Weaponizing the virus to accomplish a key policy ambition – the resurrection of a white majority and the elimination of the threat to that majority – is, once again, a kind of genocide. Weakening the “liberal radical left” means allowing the virus to cull it of people of color, whether that happens by compelling poor black and brown folks back to work, by insisting that they vote in-person in long lines, or by forcing open schools. In all of this, the present administration is not indifferent or passive; it is an active, muscular presence, building a new white majority out of one thousand deaths a day.

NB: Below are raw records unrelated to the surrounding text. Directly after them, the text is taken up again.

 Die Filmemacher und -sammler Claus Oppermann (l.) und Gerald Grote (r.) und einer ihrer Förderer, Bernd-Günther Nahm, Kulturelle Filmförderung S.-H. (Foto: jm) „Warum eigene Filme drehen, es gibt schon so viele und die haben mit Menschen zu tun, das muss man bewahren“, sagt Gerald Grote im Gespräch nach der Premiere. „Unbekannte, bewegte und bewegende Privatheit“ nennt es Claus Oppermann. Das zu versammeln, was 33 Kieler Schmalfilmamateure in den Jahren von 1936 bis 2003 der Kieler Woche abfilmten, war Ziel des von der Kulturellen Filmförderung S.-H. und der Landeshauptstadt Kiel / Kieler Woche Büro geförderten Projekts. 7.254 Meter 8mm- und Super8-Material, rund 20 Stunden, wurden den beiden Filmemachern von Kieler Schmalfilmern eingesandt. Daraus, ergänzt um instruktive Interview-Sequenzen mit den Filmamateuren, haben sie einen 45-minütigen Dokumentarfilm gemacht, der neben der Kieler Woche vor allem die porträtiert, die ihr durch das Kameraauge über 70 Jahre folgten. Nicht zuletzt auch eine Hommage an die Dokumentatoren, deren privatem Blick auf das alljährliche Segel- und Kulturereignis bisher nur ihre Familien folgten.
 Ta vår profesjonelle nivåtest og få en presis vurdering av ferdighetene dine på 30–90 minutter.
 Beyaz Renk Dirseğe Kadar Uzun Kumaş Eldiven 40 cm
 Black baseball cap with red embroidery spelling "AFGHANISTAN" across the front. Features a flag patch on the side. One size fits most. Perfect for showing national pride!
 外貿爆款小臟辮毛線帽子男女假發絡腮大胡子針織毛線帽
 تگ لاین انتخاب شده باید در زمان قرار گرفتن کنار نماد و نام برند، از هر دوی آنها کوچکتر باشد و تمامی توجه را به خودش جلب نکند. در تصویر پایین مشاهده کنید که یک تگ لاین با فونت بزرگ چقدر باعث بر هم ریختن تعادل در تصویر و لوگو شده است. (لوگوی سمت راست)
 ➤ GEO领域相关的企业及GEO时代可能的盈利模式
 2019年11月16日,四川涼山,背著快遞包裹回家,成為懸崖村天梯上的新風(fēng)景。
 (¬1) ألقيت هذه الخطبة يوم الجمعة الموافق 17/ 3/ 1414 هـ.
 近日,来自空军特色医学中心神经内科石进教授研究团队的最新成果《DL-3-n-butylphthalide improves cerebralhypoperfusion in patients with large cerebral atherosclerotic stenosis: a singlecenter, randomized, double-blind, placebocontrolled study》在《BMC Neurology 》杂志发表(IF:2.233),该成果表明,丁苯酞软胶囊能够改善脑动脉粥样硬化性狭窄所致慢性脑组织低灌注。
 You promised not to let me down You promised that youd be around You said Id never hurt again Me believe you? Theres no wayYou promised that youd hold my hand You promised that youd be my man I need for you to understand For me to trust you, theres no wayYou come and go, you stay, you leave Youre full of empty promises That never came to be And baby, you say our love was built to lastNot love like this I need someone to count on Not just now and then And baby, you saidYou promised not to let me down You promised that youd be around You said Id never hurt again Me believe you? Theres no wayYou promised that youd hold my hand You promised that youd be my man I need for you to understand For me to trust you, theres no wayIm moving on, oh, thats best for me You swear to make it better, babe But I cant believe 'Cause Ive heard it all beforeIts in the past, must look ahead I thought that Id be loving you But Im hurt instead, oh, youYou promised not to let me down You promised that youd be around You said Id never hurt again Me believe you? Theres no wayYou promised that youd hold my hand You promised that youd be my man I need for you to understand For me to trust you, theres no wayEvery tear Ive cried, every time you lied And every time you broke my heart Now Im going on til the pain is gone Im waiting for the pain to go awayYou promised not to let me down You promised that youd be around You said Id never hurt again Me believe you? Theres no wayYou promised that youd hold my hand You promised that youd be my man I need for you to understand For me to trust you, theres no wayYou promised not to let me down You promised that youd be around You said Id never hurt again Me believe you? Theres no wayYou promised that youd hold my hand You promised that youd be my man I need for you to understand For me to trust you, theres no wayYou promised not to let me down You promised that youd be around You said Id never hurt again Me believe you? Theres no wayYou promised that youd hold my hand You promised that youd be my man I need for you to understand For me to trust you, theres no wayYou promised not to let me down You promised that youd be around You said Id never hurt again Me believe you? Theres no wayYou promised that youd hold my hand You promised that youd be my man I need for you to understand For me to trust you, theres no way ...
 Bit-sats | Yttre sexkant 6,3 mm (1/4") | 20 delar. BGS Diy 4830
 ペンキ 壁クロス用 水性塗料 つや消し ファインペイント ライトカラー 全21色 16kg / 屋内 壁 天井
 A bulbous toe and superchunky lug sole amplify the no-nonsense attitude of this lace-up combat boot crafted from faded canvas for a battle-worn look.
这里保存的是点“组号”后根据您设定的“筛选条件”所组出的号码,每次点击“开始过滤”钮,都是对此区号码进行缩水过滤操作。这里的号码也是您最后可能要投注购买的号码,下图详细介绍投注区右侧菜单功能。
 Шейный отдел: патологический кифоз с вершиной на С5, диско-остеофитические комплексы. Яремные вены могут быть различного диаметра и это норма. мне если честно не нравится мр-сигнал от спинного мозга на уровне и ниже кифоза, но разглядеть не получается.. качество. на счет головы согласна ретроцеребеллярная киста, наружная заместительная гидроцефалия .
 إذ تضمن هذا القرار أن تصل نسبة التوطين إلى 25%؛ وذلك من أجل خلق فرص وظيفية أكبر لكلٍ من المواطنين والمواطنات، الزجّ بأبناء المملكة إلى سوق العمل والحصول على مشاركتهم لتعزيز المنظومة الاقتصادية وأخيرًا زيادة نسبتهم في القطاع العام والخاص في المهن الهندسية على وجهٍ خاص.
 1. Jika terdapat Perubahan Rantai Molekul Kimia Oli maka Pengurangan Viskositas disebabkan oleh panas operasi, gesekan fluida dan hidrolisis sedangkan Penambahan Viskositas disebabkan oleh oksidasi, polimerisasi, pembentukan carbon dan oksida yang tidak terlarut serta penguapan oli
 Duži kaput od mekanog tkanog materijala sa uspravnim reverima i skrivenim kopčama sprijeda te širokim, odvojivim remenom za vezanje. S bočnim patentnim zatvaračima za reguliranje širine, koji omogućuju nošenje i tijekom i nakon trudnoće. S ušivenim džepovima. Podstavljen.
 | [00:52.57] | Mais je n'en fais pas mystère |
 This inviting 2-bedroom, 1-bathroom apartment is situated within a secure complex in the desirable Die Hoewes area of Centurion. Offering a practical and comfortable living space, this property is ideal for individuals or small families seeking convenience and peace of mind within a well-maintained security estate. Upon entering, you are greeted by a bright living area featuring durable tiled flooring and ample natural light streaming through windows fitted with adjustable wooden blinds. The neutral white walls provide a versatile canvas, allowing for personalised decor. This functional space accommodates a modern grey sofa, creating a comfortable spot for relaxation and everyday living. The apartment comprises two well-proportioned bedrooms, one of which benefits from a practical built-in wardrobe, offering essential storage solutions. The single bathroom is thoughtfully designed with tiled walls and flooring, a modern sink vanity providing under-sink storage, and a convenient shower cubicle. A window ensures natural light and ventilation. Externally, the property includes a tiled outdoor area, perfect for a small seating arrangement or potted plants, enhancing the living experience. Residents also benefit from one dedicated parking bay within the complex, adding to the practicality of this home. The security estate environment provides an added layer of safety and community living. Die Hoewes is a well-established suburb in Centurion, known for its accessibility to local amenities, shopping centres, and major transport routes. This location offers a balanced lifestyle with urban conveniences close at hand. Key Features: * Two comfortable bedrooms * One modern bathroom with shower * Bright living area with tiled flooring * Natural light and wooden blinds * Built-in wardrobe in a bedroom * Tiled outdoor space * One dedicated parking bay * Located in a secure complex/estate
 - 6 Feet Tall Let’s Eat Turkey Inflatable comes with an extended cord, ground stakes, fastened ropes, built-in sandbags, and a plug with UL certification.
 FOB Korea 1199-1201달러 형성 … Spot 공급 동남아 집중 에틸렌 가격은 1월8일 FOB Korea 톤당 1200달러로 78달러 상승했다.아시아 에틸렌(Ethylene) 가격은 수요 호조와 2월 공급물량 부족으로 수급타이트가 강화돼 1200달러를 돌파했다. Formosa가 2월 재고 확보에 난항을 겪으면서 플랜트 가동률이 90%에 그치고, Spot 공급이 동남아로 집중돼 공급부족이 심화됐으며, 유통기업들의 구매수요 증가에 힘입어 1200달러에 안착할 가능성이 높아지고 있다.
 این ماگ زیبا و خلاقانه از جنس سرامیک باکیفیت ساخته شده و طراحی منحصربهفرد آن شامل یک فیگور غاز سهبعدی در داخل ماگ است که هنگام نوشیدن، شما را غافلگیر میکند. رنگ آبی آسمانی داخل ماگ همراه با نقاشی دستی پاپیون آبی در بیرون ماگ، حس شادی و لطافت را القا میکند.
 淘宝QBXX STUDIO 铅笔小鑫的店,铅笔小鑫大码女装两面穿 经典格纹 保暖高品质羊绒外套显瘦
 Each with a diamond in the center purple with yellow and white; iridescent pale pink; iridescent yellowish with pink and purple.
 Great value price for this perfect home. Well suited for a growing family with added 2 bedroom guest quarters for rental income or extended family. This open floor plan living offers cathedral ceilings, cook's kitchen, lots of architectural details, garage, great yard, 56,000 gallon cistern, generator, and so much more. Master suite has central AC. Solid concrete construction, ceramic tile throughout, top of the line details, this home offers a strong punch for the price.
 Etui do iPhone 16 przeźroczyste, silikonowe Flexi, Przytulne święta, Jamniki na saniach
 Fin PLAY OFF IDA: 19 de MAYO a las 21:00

We tend to imagine that genocide happens far, far away. The mainstream media struggles, even now, to call Trump’s words and deeds “racist,” choosing instead to use mealy-mouthed alternatives like “racially charged.” The nation struggles to rescue its reputation, to put extraordinary distance between our domestic, purported “democratic” landscapes and the fascist regimes who have executed eugenic policies in the name of ethnic and racial cleansing. Trump is not a Nazi, the argument goes, and this is not Kosovo or Rwanda. Nevertheless, it is also true that Trump has managed to routinize the work of the racial state, so that eliminationist agendas are spotlighted for the public good. He wishes not only to restore white majority rule, but also to make the nation inhospitable to black and brown communities, to make it so toxic that they leave or die.

Calling this genocide has implications for the future. Soon, Trump will no longer be president. Princeton University historian, Kevin Kruse, has encouraged us all to expect from any possible Biden administration a thoughtful exfoliation of scandals and misdeeds. This is beyond prudent, even if – since we’ve been averaging a major scandal every few days – it might also be technically impossible. But if this is genocide, we might push further towards anti-fascist political precedents like de-Nazification and de-Ba’athification, and also towards structures of post-genocidal accountability, such as the Truth and Reconciliation Commission of South Africa and the International Criminal Tribunal of Rwanda. Or beyond all of that.

One final thought: calling this what it is will also hamper the seemingly inevitable normalcy of including Trump’s image in an array of past Presidents on things as quotidian as placemats, encyclopedias, and grade school bulletin boards. Or his face on a postage stamp or a commemorative coin. Or on school buildings and street names. Or, more formally, the establishment of a Presidential library and the assignment of a Presidential portraitist. A vainglorious, shallow pretender, Trump has spent a lifetime building cheap, golden monuments to himself. Tear them all down. Let the most enduring marker be the one that brands him an architect of our most recent eugenic solution.